DATASET CONTENT: Begin

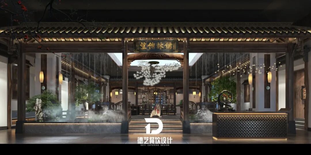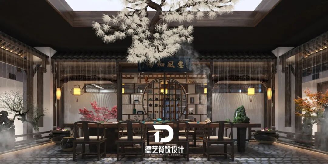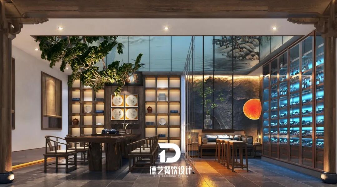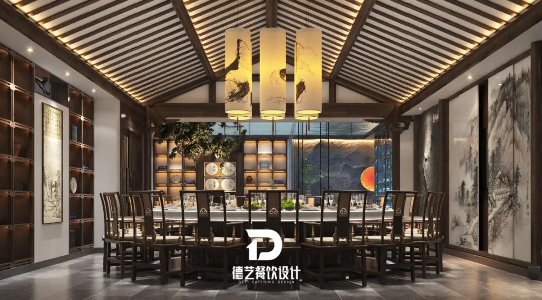 风致雅健的木制品、肆意挥洒的水墨画,以及瓷器、绿植等点缀其中,再用以细腻丰富的设计手法,德艺餐饮设计完美地将这些融入于场景中,使整个空间雅致而富有诗意。
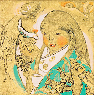 2009年講談社創業100周年企画の書き下ろし100冊のなかの1冊として5月に『山本容子の姫君たち himegimi@heian 』が出版されます。『不思議の国のアリス』をモチーフにした作品を制作したことがきっかけで、アリスという「少女」に興味を持った画家・山本容子が描く7人の少女たち。少女アリスは千年の時を軽々と超えて『更級日記』、『堤中納言物語』、『源氏物語』、『落窪物語』、『とりかえばや物語』、『竹取物語』に出てくる平安時代の姫君たちになり、最後は再び『鏡の国のアリス』の世界に戻ってきます。千年前の幽玄でリアルな世界を、金箔を貼った和紙に銅版画を刷ることで表現しました。山本容子が自身の幼少時代と重ね合わせながら、千年変わらぬ「少女」の魅力を美しい絵と文で綴る展覧会です。
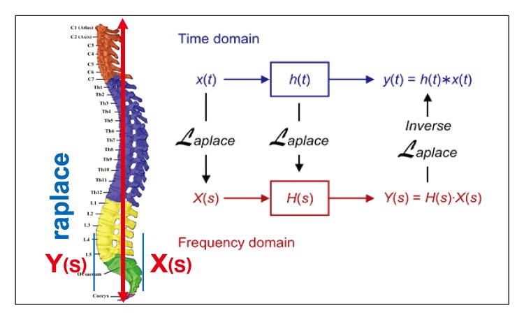 その結果、「周波数領域(frequency)においてY(s)=X(s)」となり、「骨盤補正二段ベルト」の装着はヒト脊椎の湾曲修正を行う事が数学的な側面から実証されました(図A)。
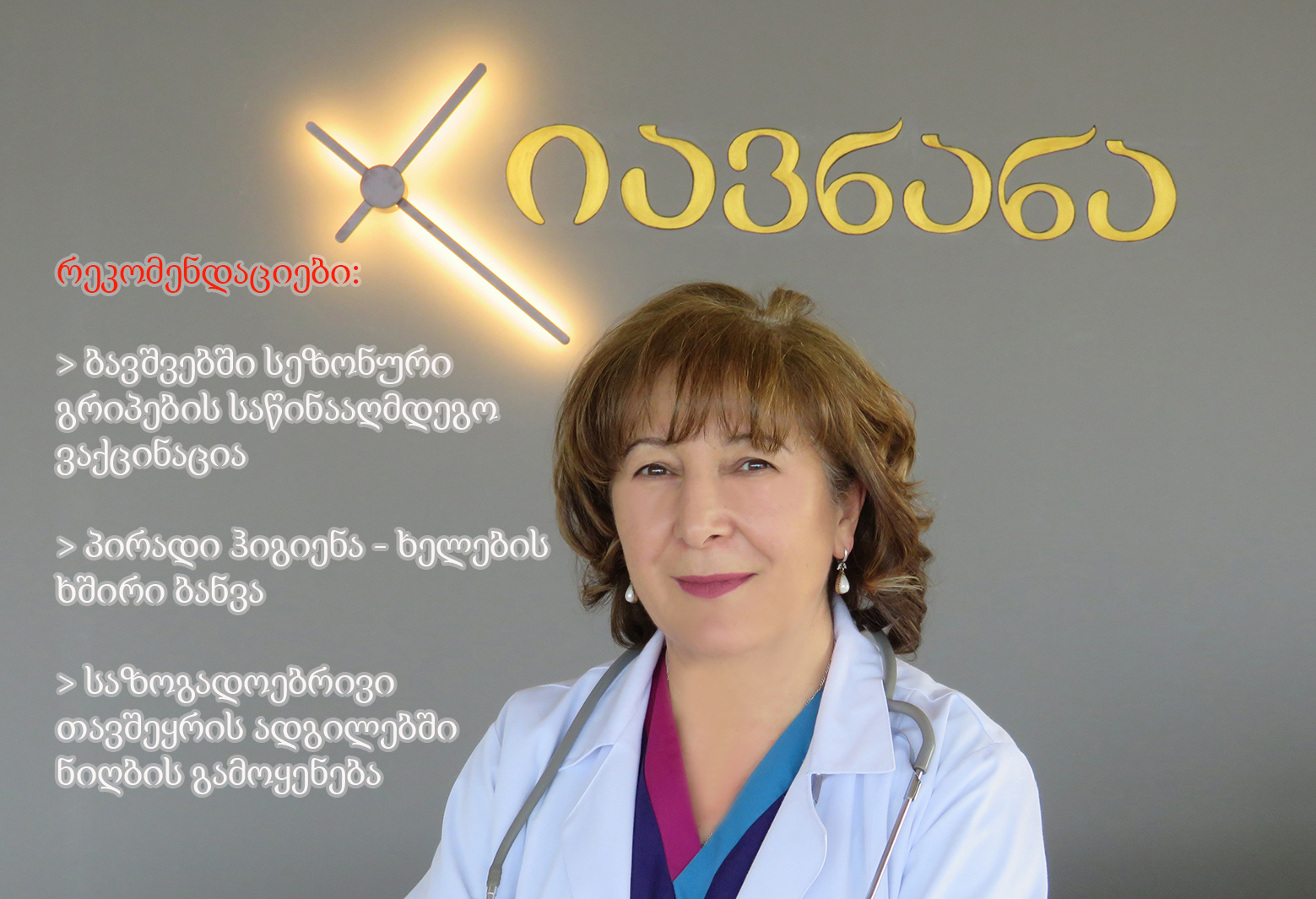 რაც შეეხება რეკომენდაციებს, ერთ-ერთი მთავარი გახლავთ ბავშვებში სეზონური გრიპის საწინააღმდეგო ვაქცინაცია, რომელიც საკმაოდ ეფექტურია, ასევე, არ უნდა დავივიწყოთ პირადი ჰიგიენა - ხელების ხშირი ბანვა და ამასთანავე, რეკომენდაციად რჩება, თავშეყრის ადგილებში ნიღბის გამოყენება“, - განაცხადა ლია ლაზარაძემ

DATASET CONTENT: End

• **AIM OF THE TASK**: Copy back, word for word, every line between the top of the material above and the line that contains "その結果、「周波数領域(fr", both included, without any pictures.

• **FINISHED TASK**:
 风致雅健的木制品、肆意挥洒的水墨画,以及瓷器、绿植等点缀其中,再用以细腻丰富的设计手法,德艺餐饮设计完美地将这些融入于场景中,使整个空间雅致而富有诗意。
 2009年講談社創業100周年企画の書き下ろし100冊のなかの1冊として5月に『山本容子の姫君たち himegimi@heian 』が出版されます。『不思議の国のアリス』をモチーフにした作品を制作したことがきっかけで、アリスという「少女」に興味を持った画家・山本容子が描く7人の少女たち。少女アリスは千年の時を軽々と超えて『更級日記』、『堤中納言物語』、『源氏物語』、『落窪物語』、『とりかえばや物語』、『竹取物語』に出てくる平安時代の姫君たちになり、最後は再び『鏡の国のアリス』の世界に戻ってきます。千年前の幽玄でリアルな世界を、金箔を貼った和紙に銅版画を刷ることで表現しました。山本容子が自身の幼少時代と重ね合わせながら、千年変わらぬ「少女」の魅力を美しい絵と文で綴る展覧会です。
 その結果、「周波数領域(frequency)においてY(s)=X(s)」となり、「骨盤補正二段ベルト」の装着はヒト脊椎の湾曲修正を行う事が数学的な側面から実証されました(図A)。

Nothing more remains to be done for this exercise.